Decision to keep Soviet-era sculpture at Prague’s Anděl metro station “a compromise”

Soviet-era sculpture at Prague’s Anděl metro station

If you’ve taken the metro to Prague’s Anděl station, you may have noticed a bronze sculpture that reads ‘Moskva-Praha’. Constructed in 1985, it was meant to symbolize friendship between Czechoslovakia and the Soviet Union. After the fall of the regime, it remained, stirring debate amongst the public. Recently, Prague City Hall decided to add a plaque explaining the contentious history of the sculpture, instead of tearing it down. To learn more about this, I spoke with Cold War historian Jan Adamec.

“The Anděl metro station was opened in November 1985, originally under the name of ‘Moskva’. The bronze sculpture with the inscription of ‘Moscow-Prague’ in the lobby of the metro station was to commemorate the alleged friendly and warm relations between the two capital cities. The propaganda at the time described it as a symbol of ‘eternal friendship’ between Czechoslovakia and the Soviet Union.

Jan Adamec | Photo: Amálie Berková,  Czech Radio

“It’s worth remembering that this was 1985. It was the anniversary of the liberation of Czechoslovakia at the end of World War II in 1945. This anniversary was traditionally commemorated in Czechoslovakia, and the narrative that prevailed at the time was that the country was liberated exclusively by the Red Army. These anniversaries were an opportunity to continuously commemorate Czechoslovak-Soviet ‘friendship’.

“This was especially important after 1968 when the initial sympathy of Czechs and Slovaks towards the Soviet Union turned into indifference, aversion, and hostility because of the Warsaw Pact Invasion that suppressed the Prague Spring in 1968.

Photo: Paul-Henri Perrain,  Radio Prague International

“It is also worth mentioning that almost every metro station at this time was decorated with sculptures or statues. It was in line with the priming of these times, when every new construction site had a special budget allocated to artistic decoration. You can also see it at other metro stations like Želivského or Karlovo náměstí. These were not necessarily works of art that were pro-regime propaganda, they also reflected themes from medieval and Czech history, although it was interpreted through the lens of the regime at the time.”

I want to fast forward to what’s going on in Prague right now. There was a bit of debate over whether or not to tear down the sculpture at Anděl metro station. Instead of tearing it down, it’s been decided that there will be a plaque with an explanation of the history behind the sculpture. Is this typical in Czechia?

“It is not so typical. After the fall of the communist regime in 1989, we have witnessed several waves of dealing with these statues. There are basically four ways to deal with these artefacts. You can leave them as they are, or you can remove them. The third option would be to place them in a museum, where the statues lose their political or ideological charge, and only their historical dimension remains. Or you can provide statues with explanatory signs and add historical context while preserving them at their historical site. The fourth option is likely the case of the sculpture at the Anděl metro station.”

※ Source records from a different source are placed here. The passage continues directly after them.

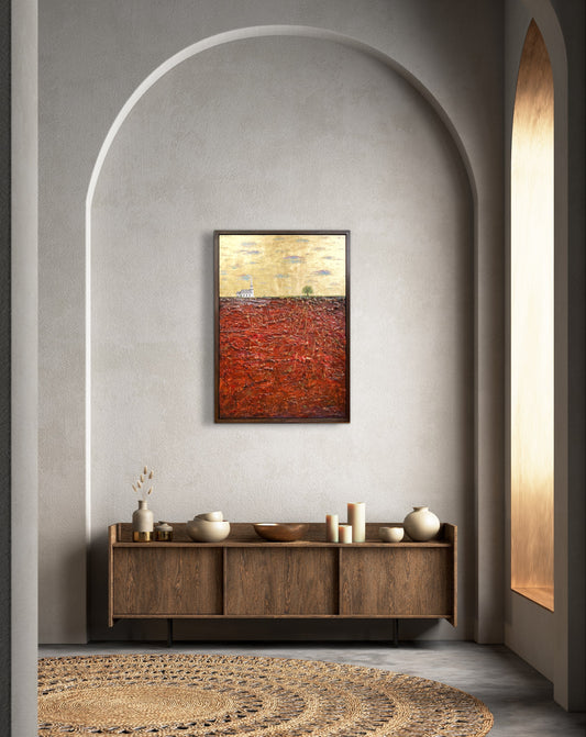 Beneath Our Brief Tread, 24x36" Wood Panel in handmade frame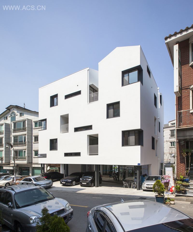 该项目位于韩国福井洞。由于这片区域附近有几所大学,近几年来学生宿舍和工作室类型的建筑越来越受欢迎;同时,由于临近首尔,白领们也青睐于住在这里,因此对于小型住宅单元的需求也日益增加。这些因素共同决定了这块区域将成为多庭院住宅、工作室和学生宿舍的集中地。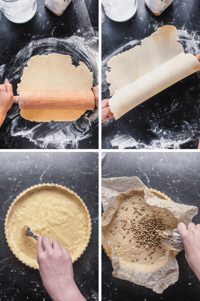 - Rolle den Teig aus, lege ihn in die vorbereitete Backform und drücke ihn fest. Belege den Teig mit etwas Backpapier und beschwere ihn mit Blindback-Gewichten oder trockenen Hülsenfrüchten.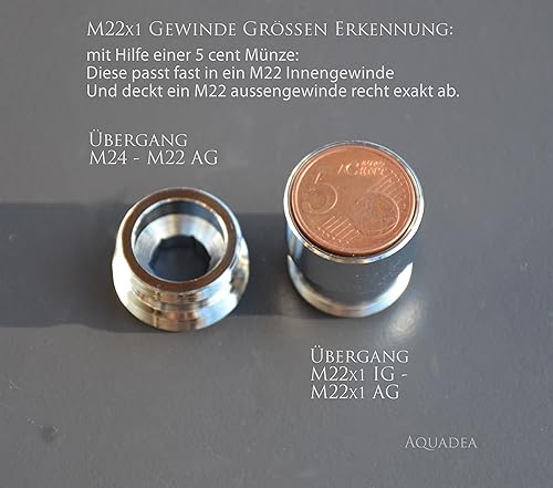 M22 IG x M24 IG, Gewindeadapter, Reduzierstück für Sanitärbereich, verchromtes Messing, Made in Europe, z.B. um preiswerte M22 Strahlregler zu benutzen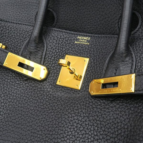エルメス バーキン30参考色:黒参考素材:トリヨンクレマンス金具:ゴールド刻印:□M刻印(2009年製)付属:クロシェット、カデナ、鍵2本、保存袋、エルメス正規店クリーニング済書類上品で高級感漂う、エルメスの最高峰ハンドバッグ『バーキン30』が入荷しました☆ 30サイズは扱い易く、日本人女性に好まれる人気のサイズ☆また、ファーストバーキンとして最適な定番のブラックカラー、トリヨンクレマンス素材でゴールドの金具の組み合わせになります。30cmサイズなら普段お出掛け時に持ち歩く財布・携帯などの小物類はラクラク収納することができ、色んな場面で活躍すること間違い無しです♪状態はAランクとなっており、本体の僅かな型崩れ、表面のスレ感、僅かな角スレ、金具部分の小傷、内部のスレ感がございます。目立つ使用感、ダメージは抑えられた比較的綺麗な状態です!お探しの方はお気軽にお問い合わせください!

Photo: Paul-Henri Perrain,  Radio Prague International

What do you think about the choice to keep the sculpture with an explanatory plaque? Is it perhaps a new way to remember history? Or is it a rather controversial choice?

“I think in this case it’s a Streisand effect, because once it was pointed out, people started to notice it was there. These statues in metro stations are often missed because people are in a hurry when they’re travelling, they don’t even notice that they’re there. But now that it’s been put into this heated debate about the role of Russia, and because of the context with Russia’s current aggression in Ukraine, it’s put into this contemporary context interweaving the Soviet Union, and the Second World War.

Photo: Paul-Henri Perrain,  Radio Prague International

“I think the decision to put an explanatory sign is a compromise between tearing it down and doing nothing and leaving it be. Politicians and local officials probably feel that they are obliged to do something instead of just leaving it alone. We are not living in normal times when it comes to relations with Russia, so immediately this is put into context with Russia’s war in Ukraine.

“I think it’s a compromise in this sense, but it will also depend on what goes on the plaque, what details and information. But I think in a couple days or months, no one is going to remember that this Moscow-Prague sculpture is there, or think about the fact that it is so ideologically charged and connected to the communist regime.”